3 minute read
Editor’s Note
DISCOVER OJAI MONTHLY
COLLEGE OF ELDERS
Bret Bradigan
Here’s a thought: With more than 40 million people currently out of work, let’s send them to college. It would solve three or four problems at once.
With the pandemic curtailing the experience for so many, there will be a major shakeout in mid-level colleges and universities that haven’t amassed the huge Harvard-sized endowments that allow them to weather this Coronavirus storm. There’s another demographic storm on the horizon as well: the pool of graduating seniors is shrinking as huge millenial bulge flattens out. Now, while nearly 30 percent of college undergraduates are adults, defined by the Department of Education as 25 years or older. But at the elite level, campuses are populated by fresh-faced freshmen right out of high school. Stanford’s percentage of adult students is only 1.2, and at Yale it’s only .07 and at the University of Chicago, it’s only .2 percent.
Many colleges, especially at the elite level, make much of how they create diverse learning environments, but, according to a New York Times editorial in 2017, “they’re missing out on a tremendous opportunity to bring different perspectives into the classroom.” Why shouldn’t the student body “include students who worked as a nurse in the I.C.U., or supervised a factory floor, or trained combat troops as a noncommissioned officer.

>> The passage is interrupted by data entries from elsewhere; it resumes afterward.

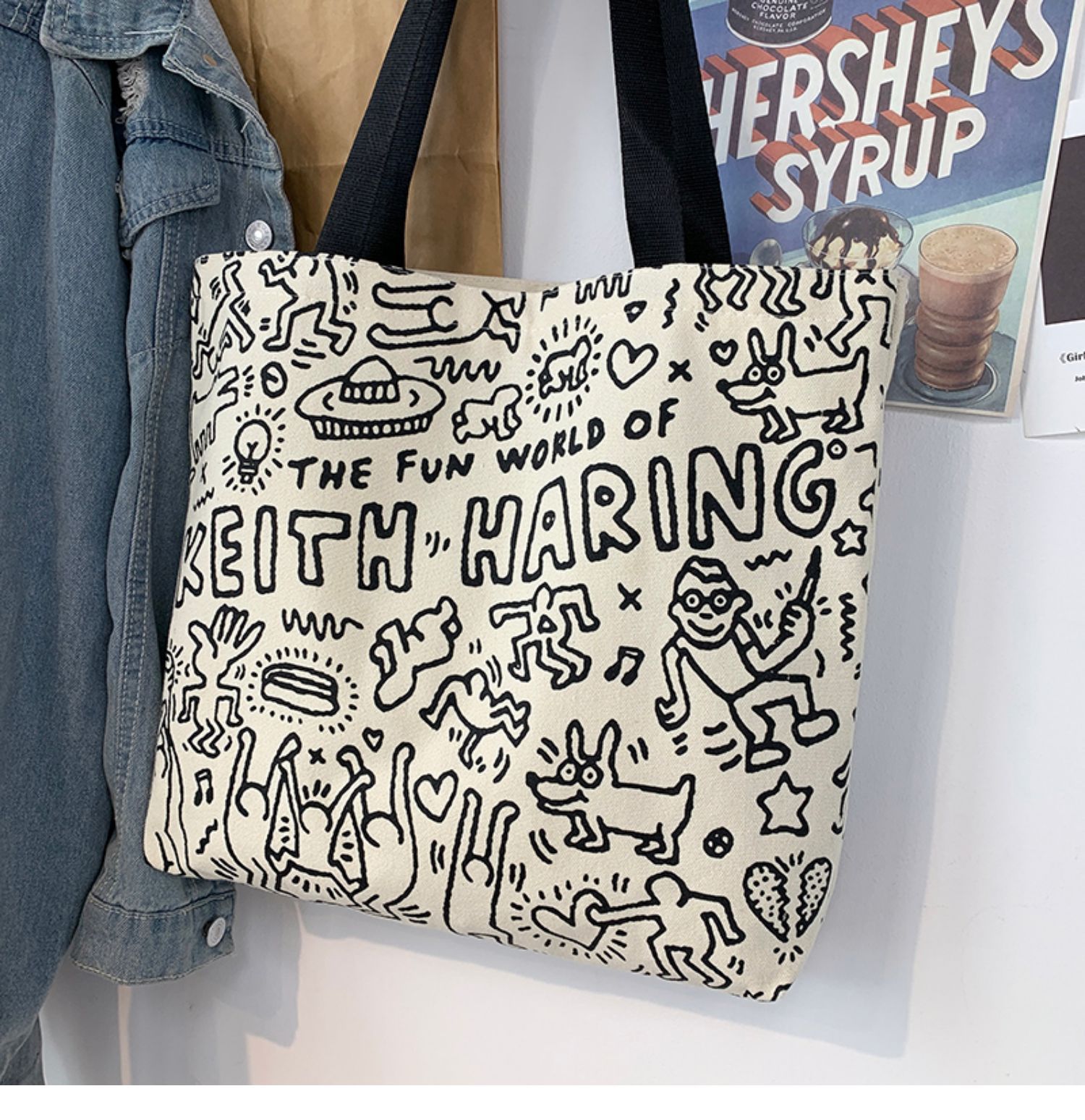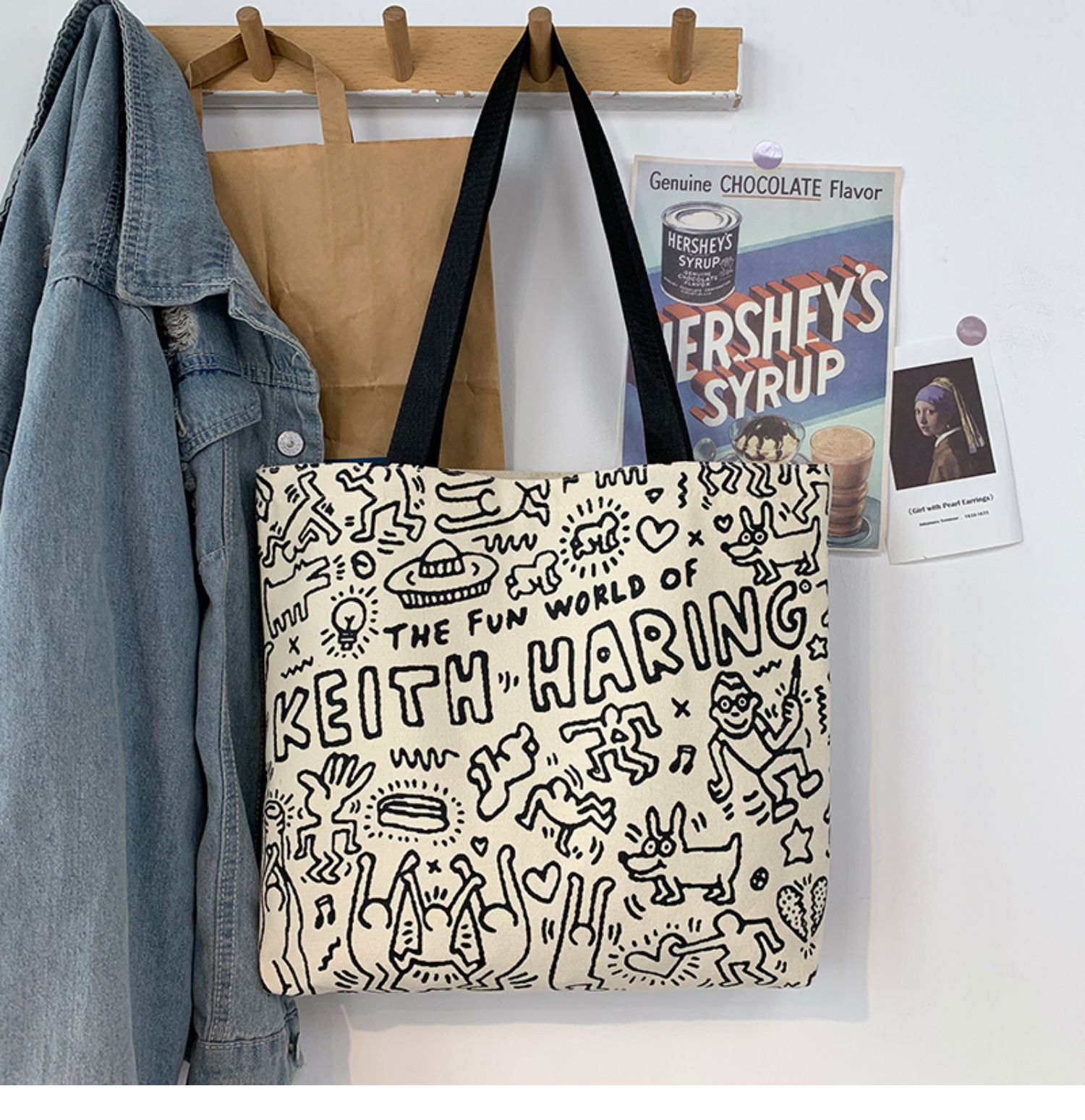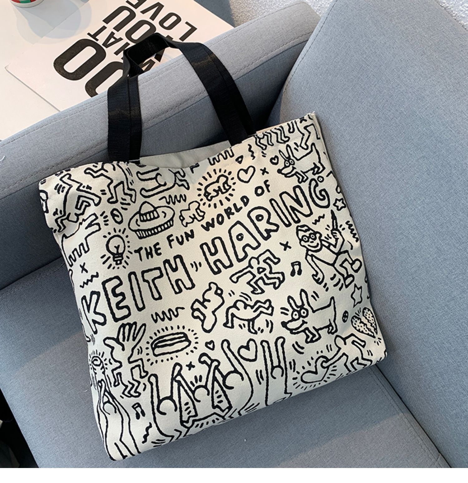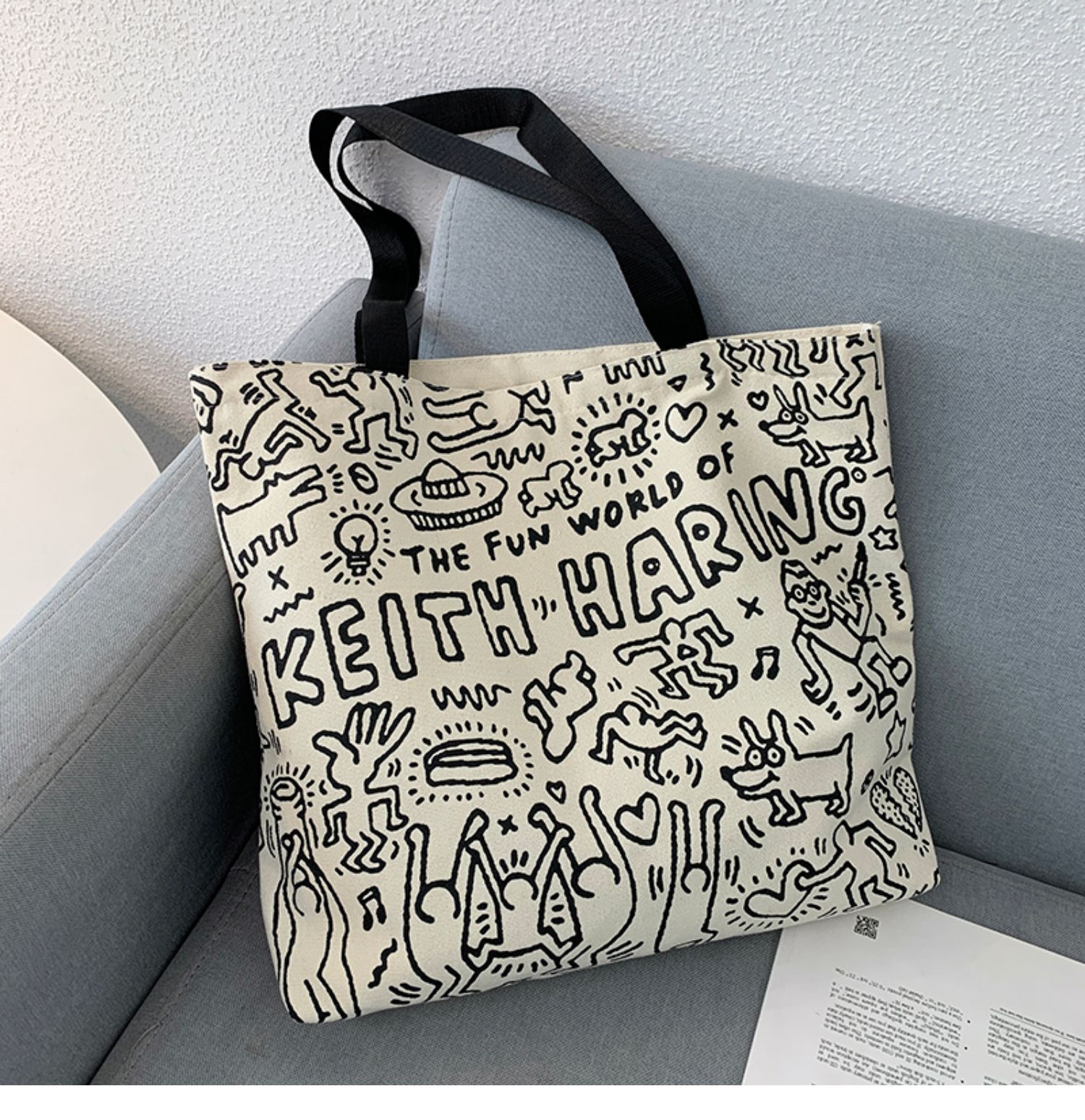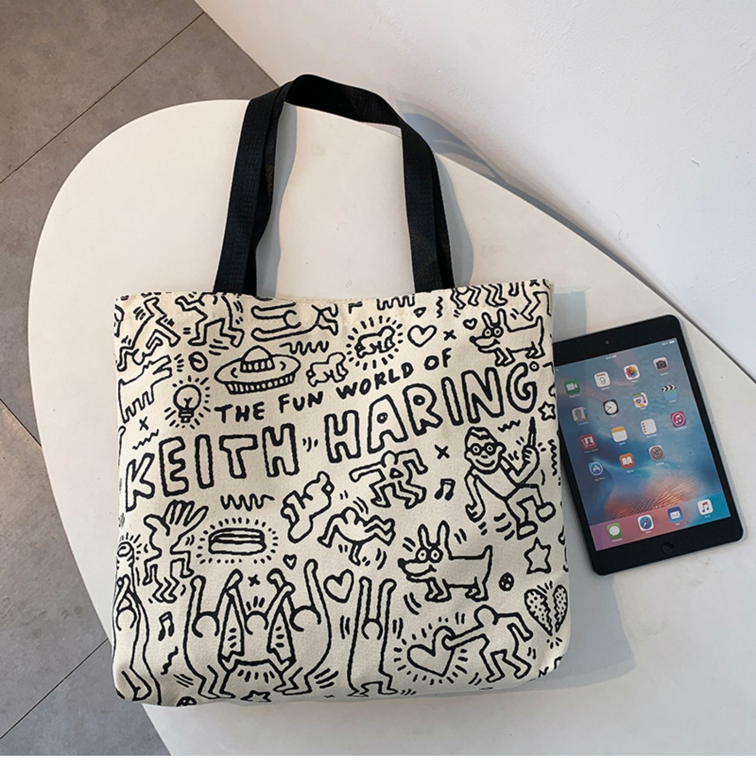 Han Feng 새로운 캔버스 가방 여대생 수업 어깨 휴대용 책가방 대용량 틈새 귀여운 천 가방스토어 가기
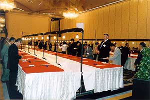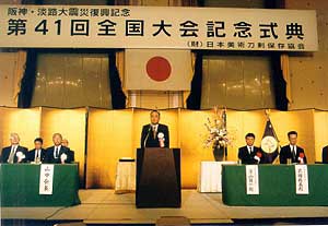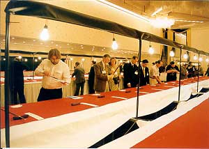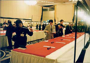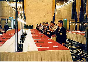 Sept 8-9 2001. Around 600 people attended the National Sword convention held by the NBTHK at the ShinKobe Oriental Hotel. In celebration for the "rebirth" of Kobe , the Japanese city that was severely damaged in a major earthquake in 1995. This was the 41st convention held by the NBTHK, and as usual it was a great success. Many excellent swords were on display with a very rare opportunity to be able to have a "hands on" chance for study. Most of the swords that were on display ranged from Juyo-Token up to Juyo Bunkazai. To provide a better understanding of Japanese swords, there was an example of every time period as well as School on display. Signed examples were used for the Juyo-Token, with mainline Soshu being unsigned. There were also 6 swords that were never shown in public before, giving everyone a chance to enjoy a very rare sword. To create a smooth flow of "traffic", the Koto room was divided into 2 sections with Yamashiro on one side with others, and BIzen on the opposite side. Shinto and Shinshinto had their own room on a different floor. Shinsaku-to, modern kinko-shi and koshirae makers in another room. Kodogu and Koshirae was in a special viewing room, but without "hands on" study. The Kantei kai (sword identification challenge) was held in a separate room on Saturday only. |
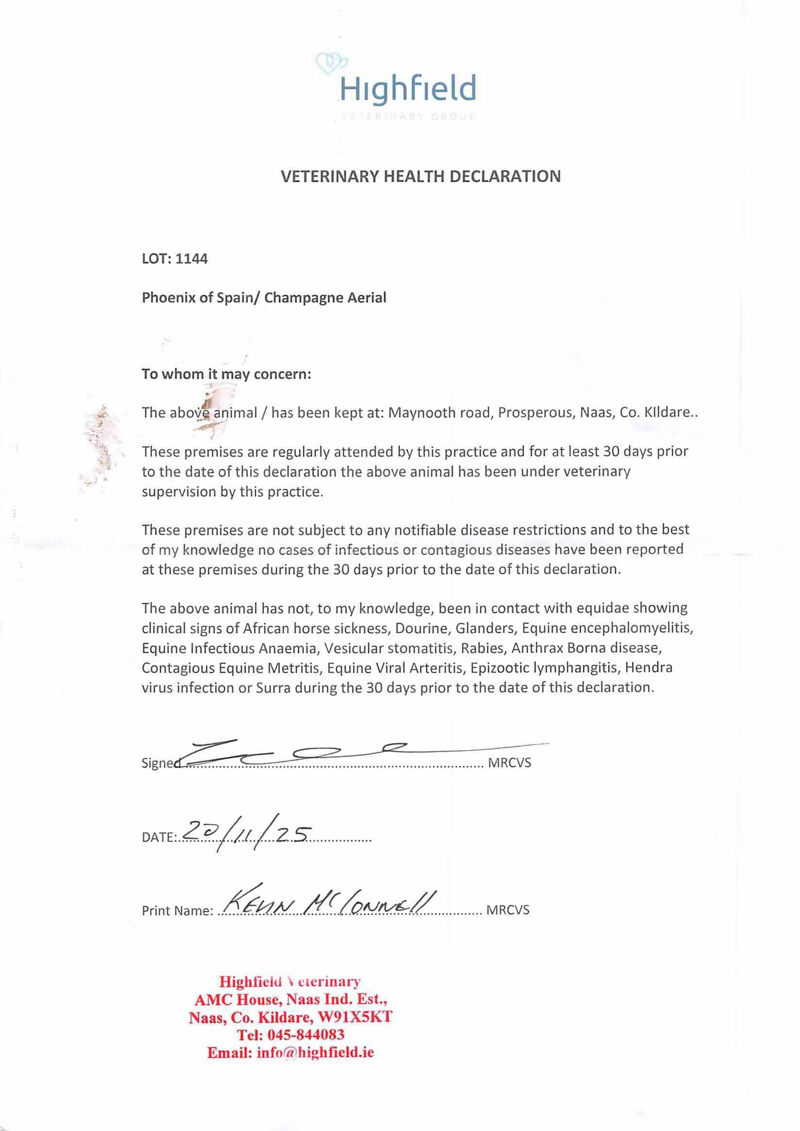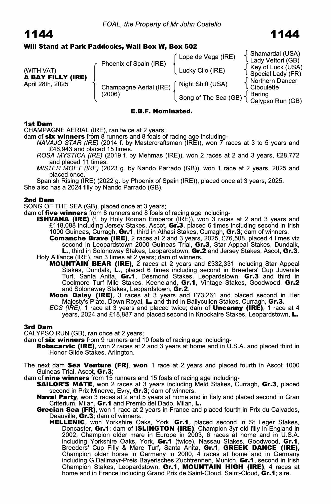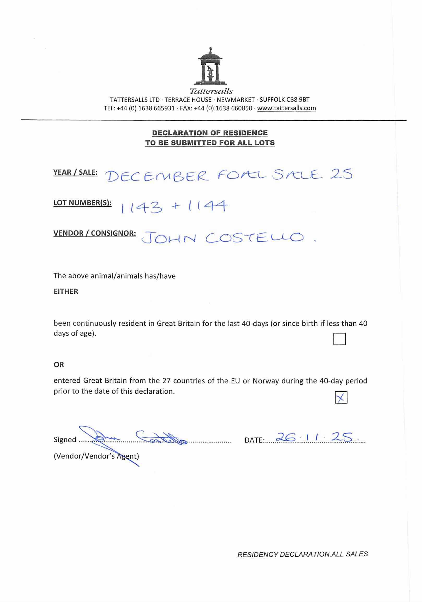 Consignor: Mr John Costello
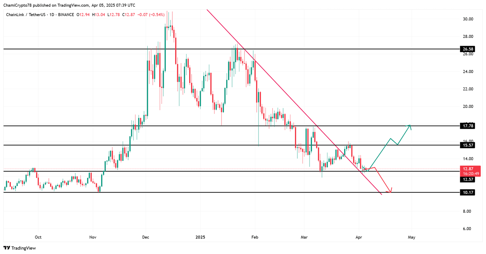 At the time of writing, LINK traded at $12.88, down 1.14% in the past 24 hours. Price action showed LINK bouncing around the $12.57 support zone after breaking a multi-month downtrend.
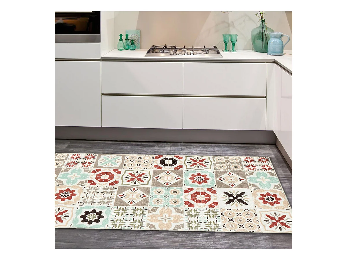 Tapis de cuisine 80x150 rouge et bleu , facile d'entretien LYN11 CAROMENT B
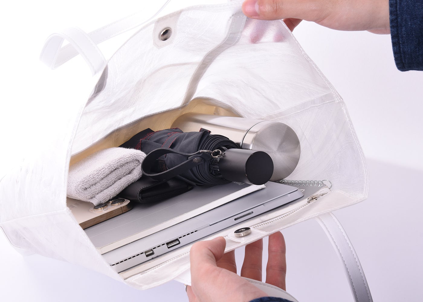 サイズと容量を綿密に計算されたスクエア型のスマートなフォルムは、A4ファイルや14インチノートPCがしっかり入る容量ながら、僅か270gの軽量化を実現。ビニール傘を再利用した素材は、雨や汚れに強いメンテナンス性にも優れている為、雨の多い季節でも普段使いにピッタリのアイテムです。
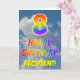 This fun and colourful 8th birthday greeting card design features a representation of a clouded blue sky, along with a large number "8" and the message "HAPPY BIRTHDAY," having a rainbow spectrum inspired gradient pattern colouring, on the front. The front also features the editable name of the card’s recipient. The inside features an editable birthday greeting message, or could perhaps be cleared and left blank if a message is to be written by hand instead. A birthday card like this might be a fun way to send birthday wishes to somebody who is celebrating their eighth birthday. [~Z0000371]
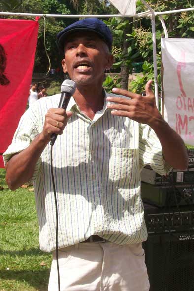 Gelson Lopes, da Cooperativa INVERTA fala aos trabalhadores na Quinta da Boa Vista, Rio de Janeiro-RJ.
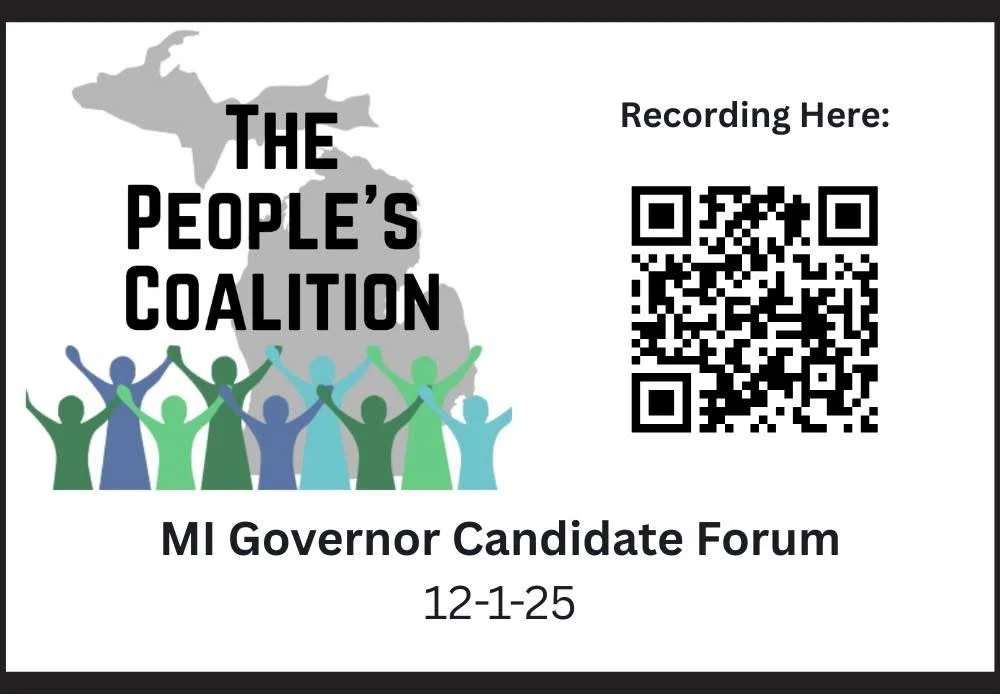 The People’s Coalition hosted several candidate forums for key important races, including Michigan Attorney General, Secretary of State, and Governor races. We asked many important questions, from fighting fascism, to protecting free speech, to addressing criminal justice reform, to protecting voting rights, and protecting our marginalized communities. We believe it is critical that our current and future electeds address the needs of marginalized people and groups, especially being impacted by state and federal action. Links to video recordings are below.
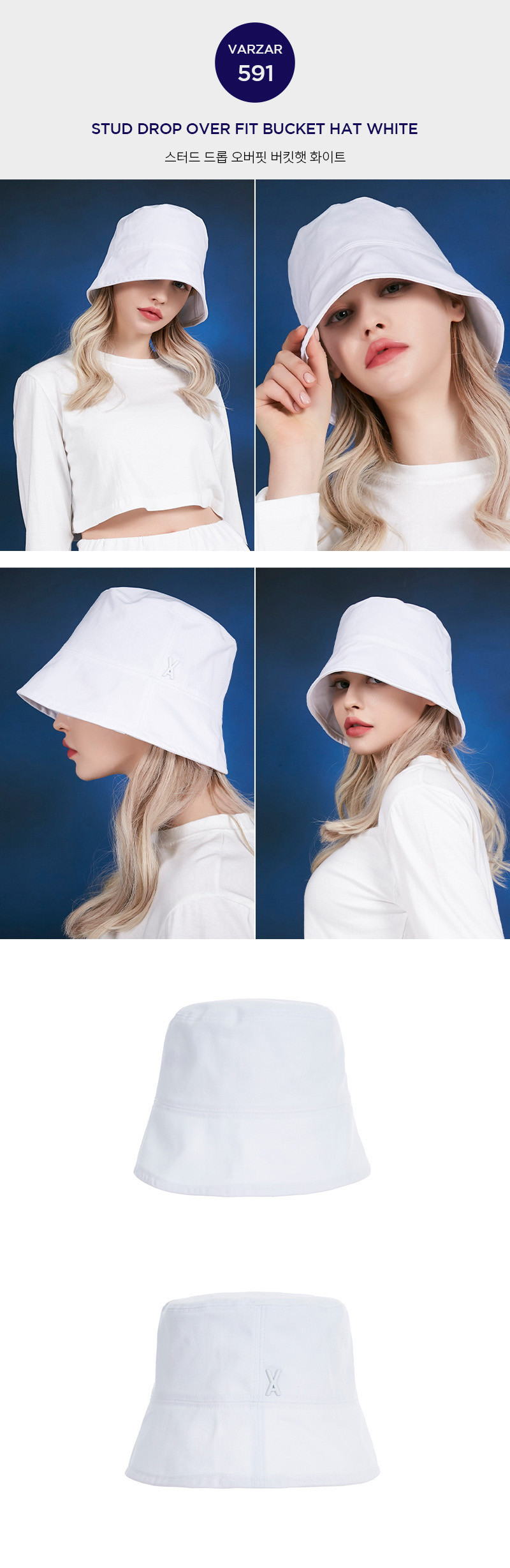 This drop overfit bucket hat is made of 100% high-density cotton and has a downward-facing brim.
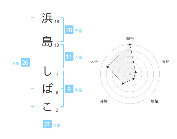 浜島 しばこさんの総格は37画の5点!
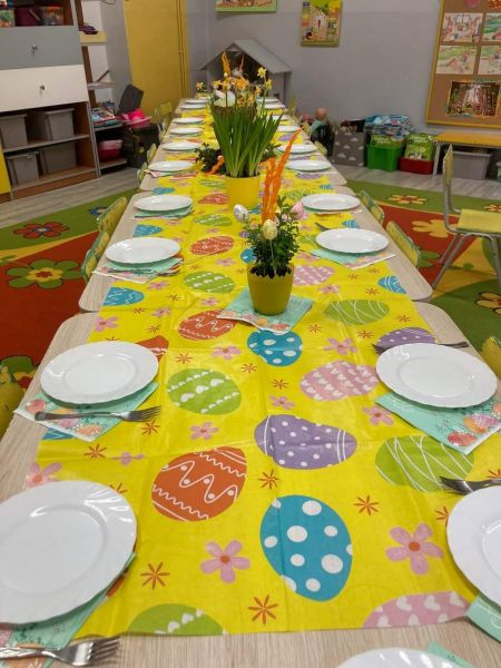We wtorek w naszym przedszkolu odbyły się uroczyste śniadania wielkanocne. Już przed wejściem czekali niezwykli goście; para zajączków przybijała piątki, przytulała dzieci i  witała wszystkich wchodzących. A to dopiero początek atrakcji. Każda grupa zasiadła do odświętnie przystrojonego stołu, żeby wspólnie zjeść świąteczne przysmaki.  Po śniadaniu za oknem znów pojawiły się zające, tym razem zachęcały do poszukiwania ukrytych prezentów.  Wszystkie dzieci wyruszyły więc na podwórko, żeby odnaleźć koszyczki z upominkami. Po krótkiej chwili każdy wracał ze swoim prezentem.

And shouldn’t the 18-year-old future leaders of America interact with and learn from people with these experiences?”
This idea hits home for me. In our very rural western New York village, college was rarely discussed. Those who did go to college, such as myself in the post-GI Bill era, only went after we’d served in the military, earning a rather meager matching stipend to our contributions.
It was a far cry from the GI Bill, also known as the Servicemen’s Readjustment Act of 1944, which was designed — with the example of the Bonus Army of World War I veterans in mind — to warehouse the 8 million soldiers who would soon be demobilized into a wartime economy. It would take time to reabsorb them. But it did a lot more than just warehouse these veterans. More than 2.3 million earned degrees and became the generation that put a man on the moon, creating scientific breakthroughs and economic innovations that led the world. The GI Bill is considered by many to be the greatest act of social engineering in history.
By giving so many people a boost, we expanded greatly the opportunities for so many people who were once trapped in a cycle of poverty — the vast underclass in America that Eric Hoffer called “lumpy with talent” — to live up to their enormous potential.
There’s a huge demand in Ojai. Thousands of jobs that existed in the service and hospitality industry — catering to the hundreds of thousands of visitors who vanished into the quarantine era — will be slow to come back as the economy reopens. (Hopefully not too slow). It’s a different way to look at this crisis, as an opportunity to reward the millions left in the lurch, who sacrified their jobs so that others would not die from the pernicious virus.
The GI Bill took millions of farmhands, of factory workers and mechanics and created scientists, engineers and entrepreneurs. Past performance is no guarantee of future results, but it does tell us that America used to do big things. Using this pandemic as an opportunity to give unemployed workers a chance to better themselves would be a big thing.